When at last they passed through the gates and entered the buried city of God, the elders of the Children living there came out to meet them in the silent streets.
The elders were robed and silent. Their masks were impassive. They looked on Taul with what seemed disdain and turned their attention to Calio and Arnia. Taul felt his head swim and pulse.
“Speak aloud,” he said. “I have come a long way. I have brought these pilgrims here. I would at least hear what is said now.”
“You are pilgrims?” one of the elders asked, turning to look at Taul.
“Yes,” Taul said.
“From the west,” Calio added.
“Pilgrims have not come for many generations,” another of the elders said. “Once many came, but not in our lifetimes.”
“The way has become too treacherous,” Calio said. “Even for the devoted and the determined.”
“Yet you have come,” the first elder said.
Calio held out the satchel. “Because of this,” he said. “It is scripture. The word of God. And it belongs here.”
* * *
They were taken into a hall and allowed to sit at a long table of polished wood. Crystal chandeliers hung from the painted ceiling above.
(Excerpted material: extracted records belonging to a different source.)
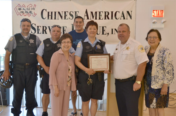 【芝加哥侨学网报道】从警十八年,服务南华埠社区十年的华裔警官陈黄于瑛,将于7月12日光荣退休。华人咨询服务处10日特别举办颁奖仪式,向陈黄玉瑛警官颁赠“社区瑰玉,华埠精英”奖牌,表达华裔社区对陈警官的感谢与惜别之情。
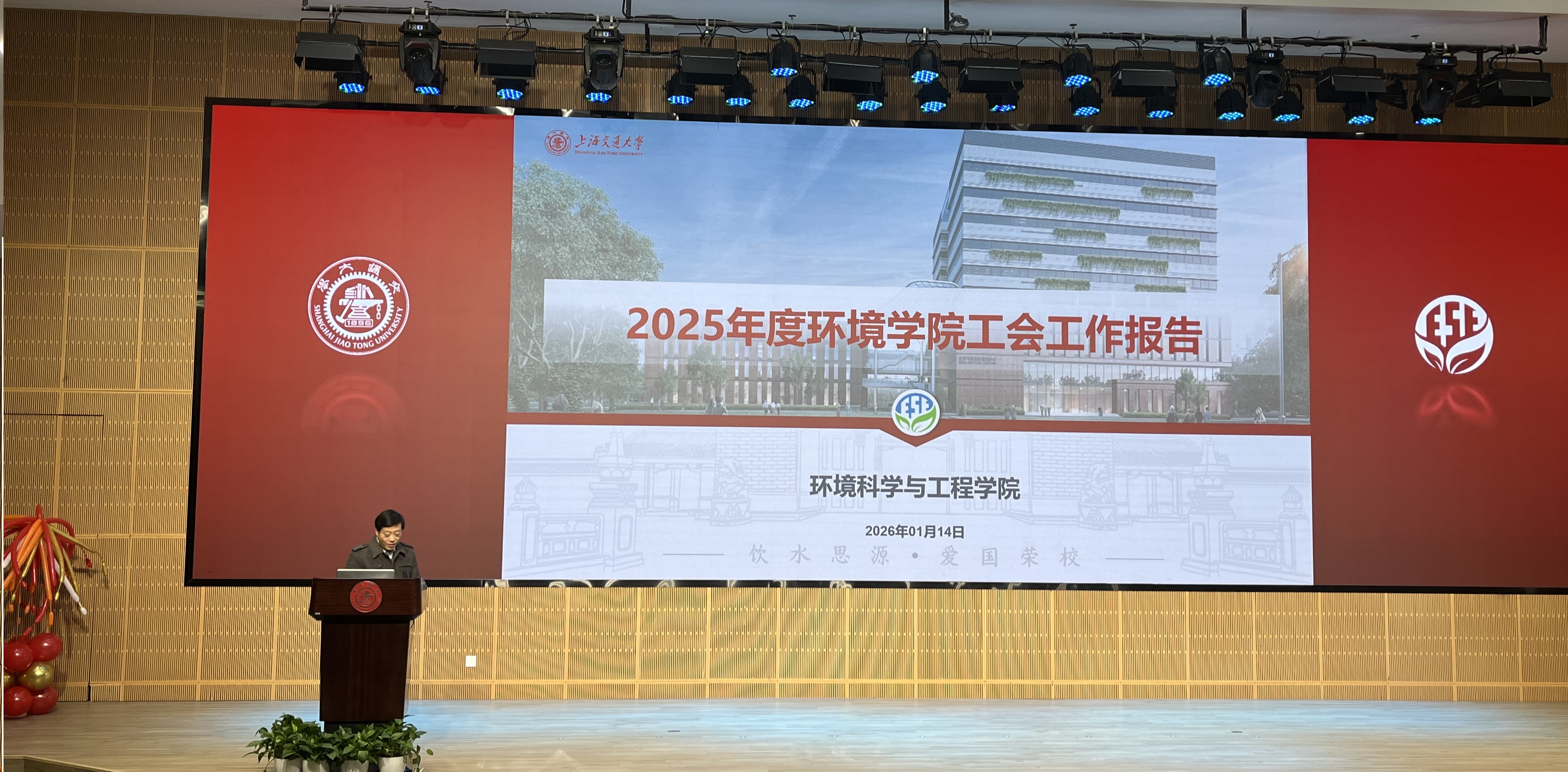 2026年1月14日上午,环境学院第六届教职工代表大会暨工会会员代表大会第四次会议在绿色环境楼100报告厅顺利举行,学院领导班子及40余名代表参会。会议由学院党委副书记李锦红主持。
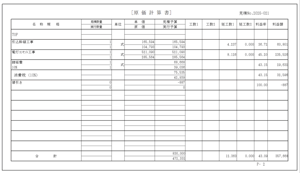 各材料の原単価を設定することで、利益額を自動で計算します。それにより見積書・請求書と合わせて、原価計算書を作成することが可能です。原価・単価を同時に確認する場合にも活用できます。
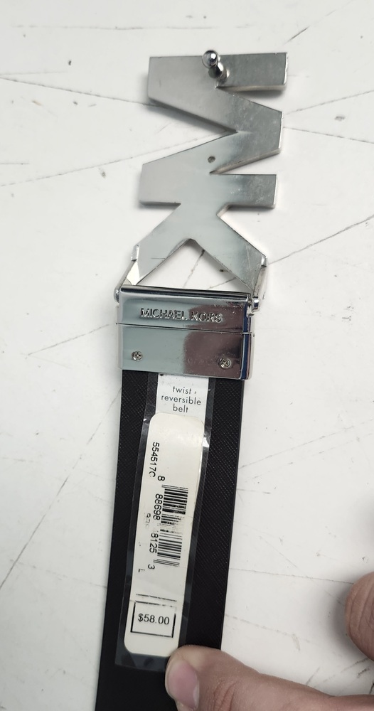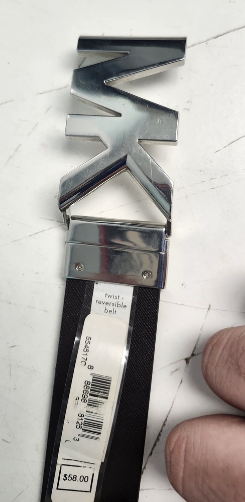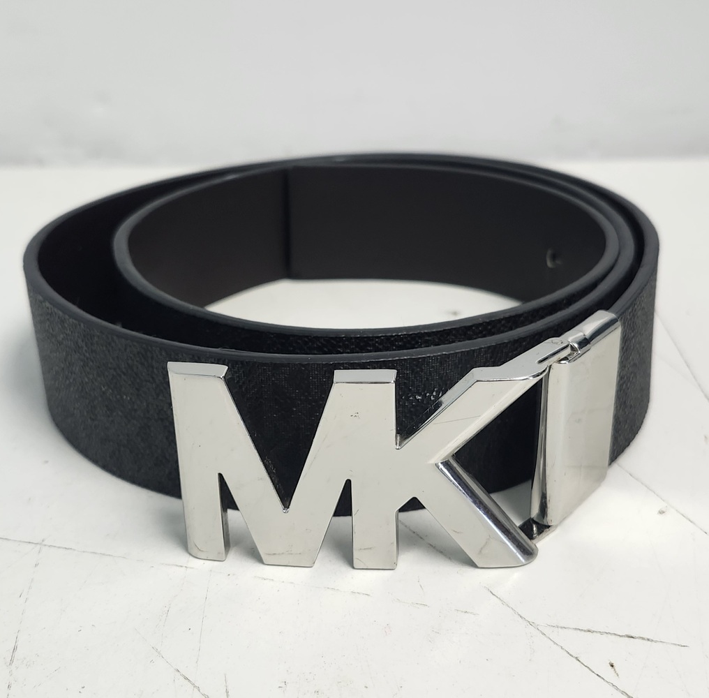 Reversible Michael Kors belt with MK logo buckle. Belt is Size L and is 34" long. Plain black on one side with MK logo print on the other.

The air smelled of candle smoke a
nd incense. Elders gathered to sit with them, perhaps fifteen of them in all, and robed servants brought food and water. The servants washed the hands and feet of Arnia and Calio and, with veils raised for dignity, took off their masks and anointed their hands and true faces with balm and holy oils.
No one went near Taul. He sat at the end of the table, caked with the dust and blood of his track. His rifle lay on the tabletop beside a pitcher of water and a dish of food.
Arnia and Calio replaced their masks, and the servants lowered the veils and stepped away. Calio took out the relic and passed it to the leader of the Children. The leader opened the cover with reverence and started to turn the pages.
Calio nodded.
“You’re talking again,” Taul said. “Do it out loud.”
The leader looked down the table at him.
“Taul is our friend,” Arnia said. “Our guardian. He sacrificed the greatest of all things so that he could fulfill that duty. We would not be here alive except for him. So please, Mendez. Let him share in this.”
The leader stared at Taul. He nodded.
“I am Mendez XXI,” he said.
“Taul,” Taul said.
“You come to us unmasked, Taul,” Mendez said, “your true face revealed.”
“The beauty of your inmost self is very great, Taul,” another of the elders said.
“I have no inmost self,” Taul said. “I have no true face. This is just… my face.”
Mendez frowned slightly.
“You have no inmost fire, Taul,” he said. “I reach, but I do not find. My mind touches nothing. And you hear only words when they are spoken.”
“This is so,” Taul said.
“Were you born this way?” another of the elders asked. It was a woman.
“No,” Taul said.
The elders glanced at each other. Taul saw wrinkles of dismay.